→ EXERCISE REQUIREMENTS: Copy all the lines of the listing below exactly. Skip the images.

(RECORDS SUPPLIED begins)

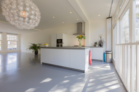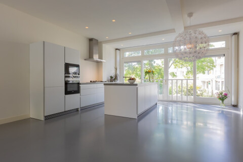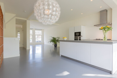 Begane grond: Eigen voordeur, gang en trap naar de bijzonder ruime woonkamer, met grote ramen aan zowel de voor- als achterzijde, zeer moderne open keuken met kookeiland
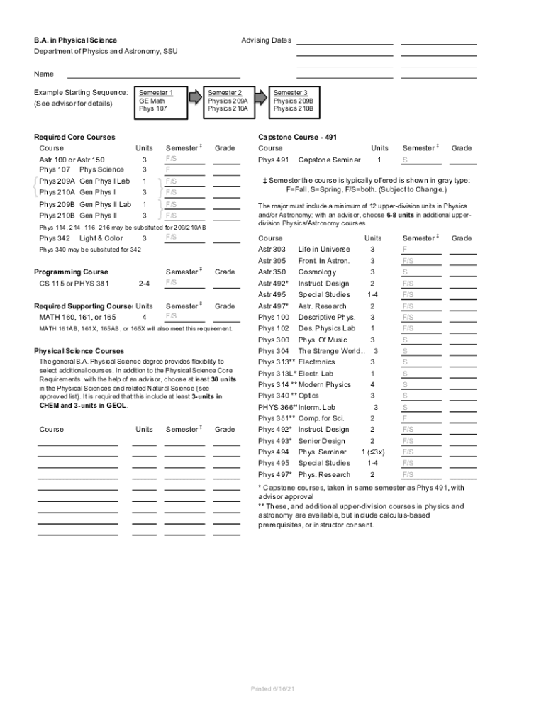 Edit your advising form physical science form online
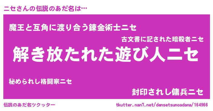 | 意味不明あだ名 | 『自称ニセ』『住所不定無職ニセ(95歳)』 |
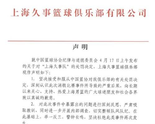 北京時間4月17號中國籃球協會紀律和道德委員會公布了對于本屆CBA季后賽12進8的這場賽事處罰決定。蘇州肯帝亞隊和上海久事隊在第2場以及第3場比賽中都出現了消極比賽的情況,經過核實之后上海久事隊和蘇州肯帝亞隊都被取消了本賽季CBA季后賽的名次以及參賽資格,同時還核減聯賽經費500萬元,兩支籃球俱樂部的主帥包括籃球俱樂部的總經理都被禁賽。
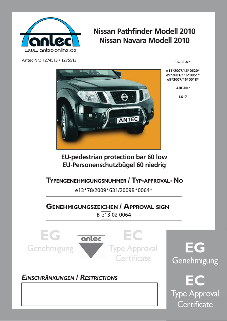 Nissan Pathfinder Modell 2010 Nissan Navara Modell 2010 Antec Nr.: 1274513 / 1275513 EG-BE-Nr.: e11*2007/46*0620* e9*2001/116*0051* e9*2007/46*0018* ABE-Nr.: L617 EU-pedestrian protection bar 60 low EU-Personenschutzbügel 60 niedrig TYPENGENEHMIGUNGSNUMMER / TYP-APPROVAL - NO e13*78/2009*631/2009B*0064* GENEHMIGUNGSZEICHEN / APPROVAL SIGN B e13 02 0064 EG Genehmigung EC Type Approval Certificate EINSCHRÄNKUNGEN / RESTRICTIONS EG Genehmigung EC Type Approval Certificate GRAND-DUCHÉ DE LUXEMBOURG SOCIÉTÉ NATIONALE DE CERTIFICATION ET D'HOMOLOGATION Ministère du Développement durable et des Infrastructures s.à r.l. Registre de Commerce: B 27180 Département des Transports L-5201 Sandweiler L-2938 Luxembourg Référence: e13*78/2009*631/2009B*0064*03 Annexes: - Rapport Technique - Fiche de Renseignements du constructeur Sandweiler, le 26 mars 2014 FICHE DE RECEPTION CE PAR TYPE EC TYPE-APPROVAL CERTIFICATE Communication concernant: Communication concerning the: - la réception CE par type (1) EC type-approval (1) - l'extension de la réception CE par type (1) extension of EC type-approval (1) - le refus de la réception CE par type (1) refusal of EC type-approval (1) - le retrait de la réception CE par type (1) withdrawal of EC type-approval (1) d'un type de système de protection frontale à fournir comme entité technique distincte en application du règlement (CE) Nº 78/2009 du Parlement européen et du Conseil, tel que mis en œuvre par le règlement (CE) N° 631/2009 modifié en dernier lieu par le règlement (CE) Nº 631/2009 (2). of a type of frontal protection system to be supplied as a separate technical unit with regard to Regulation (EC) N° 78/2009 of the European Parliament and of the Council of 14 January 2009 as implemented by Regulation (EC) N° 631/2009 last amended by Regulation (EC) N° 631/2009 (2). Numéro de réception CE par type: e13*78/2009*631/2009B*0064*03 EC type-approval number: Motif de l'extension: refer to Annex A of technical report Reason for extension: SECTION I SECTION I 0.1. Marque (raison sociale du constructeur): Make (trade name of manufacturer): 0.2. ANTEC Fahrzeugtechnik GmbH Type: Type: B-Line Description(s) commerciale(s) générale(s): General commercial description(s): 0.3. Moyens d'identification du type, s'il est indiqué sur le système de protection frontale (3): Means of identification of type if marked on the frontal protection system (3): 0.3.1. see item 0.2., Pages 1 to 5 of manufacturer's information document on manufacturer’s plate Emplacement de ce marquage: Location of that marking: see item 0.7. Page 1 of 5 e13*78/2009*631/2009B*0064*03 0.5. ANTEC Fahrzeugtechnik GmbH Im Brühl 78 D-74348 Lauffen a.N. Nom et adresse du constructeur: Name and address of manufacturer: 0.7. Emplacement et mode d’apposition de la marque de réception CE: Location and method of the affixing of the EC approval mark: 0.8. see item 0.7., Pages 6 to 8 of manufacturer’s information document Ototek Metal Isleme, Sanayi ve Ticaret A.S. Organize Sanayi Bölgesi, P.K.21 TR 59500 Cerkezköy-Tekirdag Nom(s) et adresse(s) du ou des ateliers de montage: Name(s) and address(es) of assembly plant(s): ANTEC Fahrzeugtechnik GmbH Im Brühl 78 D-74348 Lauffen a.N. 0.9. Nom et adresse du mandataire du constructeur (le cas échéant): Name and address of the manufacturer’s representative (if any): not applicable SECTION II SECTION II 1. 2. Informations complémentaires: Additional information: see Addendum Autorité déléguée: Société Nationale de Certification et d'Homologation L-5201 Sandweiler Assigned authority: Service technique chargé d'effectuer les essais: Technical service responsible for carrying out the tests: 3. Date du procès-verbal d'essai: Date of test report: 4. 21.03.2014 Numéro du procès-verbal d'essai: Number of test report: 5. Luxcontrol SA B.P. 349 L-4004 Esch-sur-Alzette LCA 51 0566 001 14 Remarques (le cas échéant): Remarks (if any): see Addendum Page 2 of 5 e13*78/2009*631/2009B*0064*03 6. Lieu: Sandweiler Place: 7. Date: 26 mars 2014 Date: 8. Signature: Signature: Pour le Département des Transports Pour la SNCH Marco FELTES Inspecteur Principal 1er en rang Claude LIESCH Directeur - Information package; - Test report. Annexes: Attachments: (see index to type-approval report) __________________ Biffer la mention inutile. (1) Delete where not applicable. (2) Veuillez insérer le numéro du règlement modificatif. Insert number of amending Regulation. (3) Si le moyen d'identification du type contient des caractères n’intéressant pas la description des types de véhicule, de composant ou d’entité technique couverts par la présente fiche, ces caractères doivent être remplacés par le symbole "?" dans la documentation (exemple ABC??123??). If the means of identification of type contains characters not relevant to describe the vehicle, component or separate technical unit types covered by this information, such characters shall be represented in the documentation by the symbol "?" (e.g. ABC??123??). Page 3 of 5 e13*78/2009*631/2009B*0064*03 Addendum Addendum à la fiche de réception CE par type N° e13*78/2009*631/2009B*0064*03 relative à la réception par type d’un type de système de protection frontale à fournir comme entité technique distincte en application du règlement n° 78/2009 to EC type-approval certificate N° e13*78/2009*631/2009B*0064*03 concerning the type-approval of a type of frontal protection system to be supplied as a separate technical unit with regard to Regulation (EC) N° 78/2009 1. Informations complémentaires Additional information 1.1. Méthode de fixation: see manufacturer’s information document Method of attachment: 1.2. Instructions d'assemblage et de montage: see manufacturer's information document Assembly and mounting instructions: 1.3. Liste des véhicules sur lesquels le système de protection frontale peut être monté, restrictions éventuelles d’utilisation et conditions

(RECORDS SUPPLIED ends)

→ ANSWER FOR THIS EXERCISE:
 Begane grond: Eigen voordeur, gang en trap naar de bijzonder ruime woonkamer, met grote ramen aan zowel de voor- als achterzijde, zeer moderne open keuken met kookeiland
 Edit your advising form physical science form online
 | 意味不明あだ名 | 『自称ニセ』『住所不定無職ニセ(95歳)』 |
 北京時間4月17號中國籃球協會紀律和道德委員會公布了對于本屆CBA季后賽12進8的這場賽事處罰決定。蘇州肯帝亞隊和上海久事隊在第2場以及第3場比賽中都出現了消極比賽的情況,經過核實之后上海久事隊和蘇州肯帝亞隊都被取消了本賽季CBA季后賽的名次以及參賽資格,同時還核減聯賽經費500萬元,兩支籃球俱樂部的主帥包括籃球俱樂部的總經理都被禁賽。
 Nissan Pathfinder Modell 2010 Nissan Navara Modell 2010 Antec Nr.: 1274513 / 1275513 EG-BE-Nr.: e11*2007/46*0620* e9*2001/116*0051* e9*2007/46*0018* ABE-Nr.: L617 EU-pedestrian protection bar 60 low EU-Personenschutzbügel 60 niedrig TYPENGENEHMIGUNGSNUMMER / TYP-APPROVAL - NO e13*78/2009*631/2009B*0064* GENEHMIGUNGSZEICHEN / APPROVAL SIGN B e13 02 0064 EG Genehmigung EC Type Approval Certificate EINSCHRÄNKUNGEN / RESTRICTIONS EG Genehmigung EC Type Approval Certificate GRAND-DUCHÉ DE LUXEMBOURG SOCIÉTÉ NATIONALE DE CERTIFICATION ET D'HOMOLOGATION Ministère du Développement durable et des Infrastructures s.à r.l. Registre de Commerce: B 27180 Département des Transports L-5201 Sandweiler L-2938 Luxembourg Référence: e13*78/2009*631/2009B*0064*03 Annexes: - Rapport Technique - Fiche de Renseignements du constructeur Sandweiler, le 26 mars 2014 FICHE DE RECEPTION CE PAR TYPE EC TYPE-APPROVAL CERTIFICATE Communication concernant: Communication concerning the: - la réception CE par type (1) EC type-approval (1) - l'extension de la réception CE par type (1) extension of EC type-approval (1) - le refus de la réception CE par type (1) refusal of EC type-approval (1) - le retrait de la réception CE par type (1) withdrawal of EC type-approval (1) d'un type de système de protection frontale à fournir comme entité technique distincte en application du règlement (CE) Nº 78/2009 du Parlement européen et du Conseil, tel que mis en œuvre par le règlement (CE) N° 631/2009 modifié en dernier lieu par le règlement (CE) Nº 631/2009 (2). of a type of frontal protection system to be supplied as a separate technical unit with regard to Regulation (EC) N° 78/2009 of the European Parliament and of the Council of 14 January 2009 as implemented by Regulation (EC) N° 631/2009 last amended by Regulation (EC) N° 631/2009 (2). Numéro de réception CE par type: e13*78/2009*631/2009B*0064*03 EC type-approval number: Motif de l'extension: refer to Annex A of technical report Reason for extension: SECTION I SECTION I 0.1. Marque (raison sociale du constructeur): Make (trade name of manufacturer): 0.2. ANTEC Fahrzeugtechnik GmbH Type: Type: B-Line Description(s) commerciale(s) générale(s): General commercial description(s): 0.3. Moyens d'identification du type, s'il est indiqué sur le système de protection frontale (3): Means of identification of type if marked on the frontal protection system (3): 0.3.1. see item 0.2., Pages 1 to 5 of manufacturer's information document on manufacturer’s plate Emplacement de ce marquage: Location of that marking: see item 0.7. Page 1 of 5 e13*78/2009*631/2009B*0064*03 0.5. ANTEC Fahrzeugtechnik GmbH Im Brühl 78 D-74348 Lauffen a.N. Nom et adresse du constructeur: Name and address of manufacturer: 0.7. Emplacement et mode d’apposition de la marque de réception CE: Location and method of the affixing of the EC approval mark: 0.8. see item 0.7., Pages 6 to 8 of manufacturer’s information document Ototek Metal Isleme, Sanayi ve Ticaret A.S. Organize Sanayi Bölgesi, P.K.21 TR 59500 Cerkezköy-Tekirdag Nom(s) et adresse(s) du ou des ateliers de montage: Name(s) and address(es) of assembly plant(s): ANTEC Fahrzeugtechnik GmbH Im Brühl 78 D-74348 Lauffen a.N. 0.9. Nom et adresse du mandataire du constructeur (le cas échéant): Name and address of the manufacturer’s representative (if any): not applicable SECTION II SECTION II 1. 2. Informations complémentaires: Additional information: see Addendum Autorité déléguée: Société Nationale de Certification et d'Homologation L-5201 Sandweiler Assigned authority: Service technique chargé d'effectuer les essais: Technical service responsible for carrying out the tests: 3. Date du procès-verbal d'essai: Date of test report: 4. 21.03.2014 Numéro du procès-verbal d'essai: Number of test report: 5. Luxcontrol SA B.P. 349 L-4004 Esch-sur-Alzette LCA 51 0566 001 14 Remarques (le cas échéant): Remarks (if any): see Addendum Page 2 of 5 e13*78/2009*631/2009B*0064*03 6. Lieu: Sandweiler Place: 7. Date: 26 mars 2014 Date: 8. Signature: Signature: Pour le Département des Transports Pour la SNCH Marco FELTES Inspecteur Principal 1er en rang Claude LIESCH Directeur - Information package; - Test report. Annexes: Attachments: (see index to type-approval report) __________________ Biffer la mention inutile. (1) Delete where not applicable. (2) Veuillez insérer le numéro du règlement modificatif. Insert number of amending Regulation. (3) Si le moyen d'identification du type contient des caractères n’intéressant pas la description des types de véhicule, de composant ou d’entité technique couverts par la présente fiche, ces caractères doivent être remplacés par le symbole "?" dans la documentation (exemple ABC??123??). If the means of identification of type contains characters not relevant to describe the vehicle, component or separate technical unit types covered by this information, such characters shall be represented in the documentation by the symbol "?" (e.g. ABC??123??). Page 3 of 5 e13*78/2009*631/2009B*0064*03 Addendum Addendum à la fiche de réception CE par type N° e13*78/2009*631/2009B*0064*03 relative à la réception par type d’un type de système de protection frontale à fournir comme entité technique distincte en application du règlement n° 78/2009 to EC type-approval certificate N° e13*78/2009*631/2009B*0064*03 concerning the type-approval of a type of frontal protection system to be supplied as a separate technical unit with regard to Regulation (EC) N° 78/2009 1. Informations complémentaires Additional information 1.1. Méthode de fixation: see manufacturer’s information document Method of attachment: 1.2. Instructions d'assemblage et de montage: see manufacturer's information document Assembly and mounting instructions: 1.3. Liste des véhicules sur lesquels le système de protection frontale peut être monté, restrictions éventuelles d’utilisation et conditions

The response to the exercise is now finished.